En son “Partili Cumhurbaşkanı” formülü gündeme gelmiş bulunuyor.
Yaşanan süreç içinde “Başkanlık” sistemi hiçbir zaman soyut bir zeminde tartışılmadı. “Türkiye için başkanlık mı, parlamenter sistem mi sağlıklıdır?” gibi bir soru üzerinde, Türkiye’nin tarihinin, sosyolojisinin, jeo-politik-stratejik konumunun, iç-dış gerçekliklerinin ışığında bir müzakere oluşmadı. Böyle yapılabilseydi, başkanlıkla parlamenter sistem arasında daha sağlıklı tercihler söz konusu olabilirdi.
Ama böyle steril bir zemin oluşturmak Türkiye için nerede ise imkansızdır.
Nitekim konu yoğun olarak Cumhurbaşkanı’nın halk oyu ile seçilmesi, oradan da Tayyip Erdoğan ile bağlantılı olarak gündeme geldi.
Tayyip Bey, Ak Parti lideri iken “halk oyu” ile Cumhurbaşkanı seçilmişti ve bunun gereği devleti yönetmekti.
Sistem değişikliğinin bütün sonuçları Tayyip Bey’i ilgilendiriyordu.

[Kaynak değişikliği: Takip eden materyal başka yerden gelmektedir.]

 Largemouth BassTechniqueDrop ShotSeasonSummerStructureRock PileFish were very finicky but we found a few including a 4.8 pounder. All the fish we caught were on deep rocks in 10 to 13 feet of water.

Onun için tartışmaların kendisi öyle istemese dahi Tayyip Bey’den bağımsız yürütülmesi de mümkün olamadı. Anlaşıldığı kadarıyla bundan böyle de ana eksende Cumhurbaşkanı Erdoğan bulunacak.
Peki ne olacak?
Mesela Partili Cumhurbaşkanlığı...
Halk Cumhurbaşkanı’nın “partili” olmasına nasıl bakacak?
Mesela Cumhurbaşkanı Erdoğan “Geleneksel” ifadesini kullanmıştı Başkanlığın bizim kültürümüzdeki konumu ifade için... O “Geleneksel” uygulamaya baktığımızda -ki o sanıyorum Tek Parti dönemi örneklerini ifade için kullanılmamıştır- orada “parti” zemininde tartışılmanın ötesinde bir kitlesel kabullenme ve saygı vardır.
Son olarak şunu söylemek isterim: Başkanlığa doğru gidişte mümkün olduğu kadar geniş saygı ve kabullenme zemini oluşturacak bir strateji izlemek her bakımdan hayatidir.